The top U.S. ground commander in Iraq was at the end of his briefing — and at the end of his rope.
Lt. Gen. Stephen Townsend, commander of Combined Joint Task Force Operation Inherent Resolve, had just fielded questions from the Pentagon press corps for 45 minutes Tuesday, and he felt it was time to inject a little moral clarity into the conversation.
Townsend, in an audio briefing piped in from Baghdad, has just conceded that there was “a fair chance” that a U.S. airstrike played a role in the deaths of more than 100 Iraqi civilians when a building, or buildings, collapsed on a narrow Mosul street in the midst of some of the most demanding house-to-house, door-to-door urban combat since World War II.
But he thought the reporters, with their single-minded focus on why the American-led air campaign, touted as the most accurate in the history of warfare, had taken the lives of innocent civilians including women, children and babies, was missing the bigger picture: They weren’t targeting civilians, the Islamic State is.

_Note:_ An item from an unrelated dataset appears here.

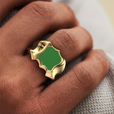 De bovenstaande massieve Nevin zegelring met schild groene emaille bovenkant staat bol van traditie. De zegelring werd van oudsher van vader op zoon doorgegeven. Met deze massieve gouden zegelring start je je eigen traditie. Ook plaatsen we graag een gravure voor je, zoals een monogram of een familiewapen gravure. Kijk voor meer informatie en de mogelijkheden hiervan bij onze kennisbank. De verschillende afdelingen binnen de kennisbank vind je onderaan deze pagina. Jouw traditie begint hier, met de traditionele gouden Nevin zegelring. Wat denk je van deze traditionele gouden zegelring? Deze Nevin zegelring stel je helemaal zelf samen met onze configurator. Vervolgens wordt jouw persoonlijke wapenschilden Nevin zegelring met de hand gemaakt door onze goudsmeden. De keuze van het edelmetaal en de edelstenen kun je helemaal naar eigen wens invullen. Heb je bepaalde ideeën voor jouw zegelring, maar kun je deze niet bij onze opties vinden? Laat het ons dan gerust weten. Wij maken jouw persoonlijke traditionele zegelring geheel naar jouw wensen.Iedere dag worden nieuwe sieraad ontwerpen toegevoegd aan de website. Ons team van gepassioneerde designers streeft ernaar om tot de mooiste ontwerpen te komen, en een zo gevarieerd mogelijk aanbod. Heb je ergens een ring gezien welke je wilt laten maken, stuur ons dan bericht. Wij sturen je graag een offerte toe. Hierin bieden wij de beste prijs en kwaliteit. Je zult dit zeker niet kunnen afslaan!Onze goudsmeden vervaardigen pas je ring, zodra je deze besteld hebt. We hebben geen voorraden. Het voordeel hiervan is dat we de voorraad niet door hoeven te berekenen in de prijs, en wij daardoor sieraden kunnen leveren tegen een bijzonder lage prijs.Om het voor jou makkelijker te maken kun je ieder besteld sieraad binnen 30 dagen na aflevering eenvoudig weer retour sturen.

And so the three-star general let out his frustration over the tone of the questioning. “[It’s] a little disappointing to me that all the questions were about our airstrikes, and our process, and our decisions,” Townsend said, beginning his lecture to Pentagon reporters.
“If these innocents were killed by the coalition, it was an unintentional accident of war, and ISIS is slaughtering Iraqis and Syrians on a daily basis,” Townsend said. “ISIS is cutting off heads. ISIS is shooting people, throwing people from buildings, burning them alive in cages and they are making the video record to prove it. This has gotta stop. This evil has gotta be stamped out. And in my mind any responsibility for any civilian deaths, the moral responsibility for civilian deaths in Iraq and Syria belongs to ISIS.”

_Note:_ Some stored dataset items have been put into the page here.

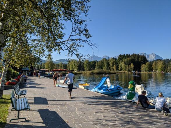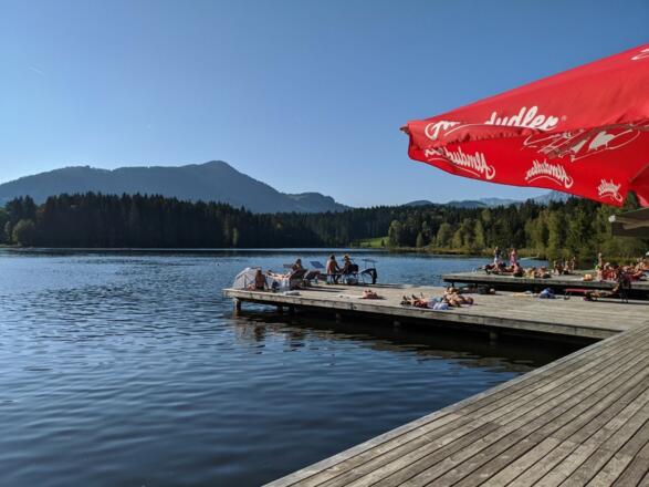 Schwarzsee – Naherholungszentrum und Krafttankstelle der Kitzbüheler. Wir lassen unsere Wanderung bei einem energiespendenden Sommerdrink auf der Seeterrasse ausklingen, tauchen unsere Füße ins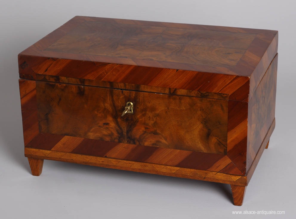 Courtesy box, inlaid with walnut, plum tree, maple wood, Alsace XIXth century.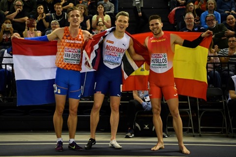 | Le Norvégien Karsten Warholm (centre) égale le record du monde du 400 m lors de l'Euro d'athlétisme de Glasgow le 2 mars 2019. |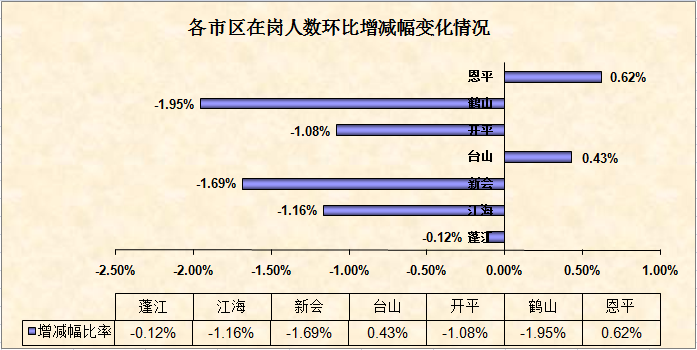 9月末各市(区)监测企业的岗位出现不同程度的变动,除全球最大的博彩平台和台山市的期末在岗人数环比轻微增加外,其他各市(区)的在岗人数环比均有不同程度的减少,其中鹤山市和新会区的在岗人数环比降幅分别为1.95%和1.69%。

“I’ll close with that,” he said.
Townsend had spent his entire briefing trying to paint a picture for the media about the complexites of urban combat in west Mosul, which he described as an “urban canyon, very dense, claustrophobically-close terrain, with streets so narrow that tanks can’t accompany the troops in the attack.”
It was this kind of situation, Townsend implied, that Iraqi troops faced March 17, taking fire from heavy weapons in a building and facing a massive truck bomb that could take out their position on a Mosul street in one horrific instant.
“Imagine a VBIED [vehicle-borne improvised explosive device] barreling down on a forward-deployed unit,” Townsend said. “This armored VBIED is hurtling at them and you may have as few as 20 to 30 seconds to make a decision, or less.” And he added for emphasis, “Our [U.S.] advisers might not be too far behind them.
“This is why this is not a war crime to accidentally kill civilians,” Townsend said. “It’s unfortunate, but it’s not a crime because these soldiers have to make these decisions in seconds sometimes, in circumstances you cannot imagine unless you experienced them.”
Townsend said his gut tells him that the U.S. strike probably played a role in the deaths, but he places the blame on ISIS, who he says have cruelly used civilians as human shields.
“The Iraqi counterterrorism service reported they found two houses rigged to blow and filled with hostages: 45 in one house 25 in another,” Townsend said. “They managed to defuse the explosives and release the hostages without harm.”
In this latest case, Townsend said there are three theories of what caused the tragedy: a direct hit on the building, a blast from hitting the truck bomb nearby, or explosives rigged by ISIS, or perhaps a combination of the three.
But in any event, Townsend said the blame is clear:
“Our enemy, ISIS, are evil and murderous butchers, engaged in purposeful and mass slaughter,” Townsend said. “There are countless mass graves surrounding Mosul. ISIS put those bodies in there, not the coalition.”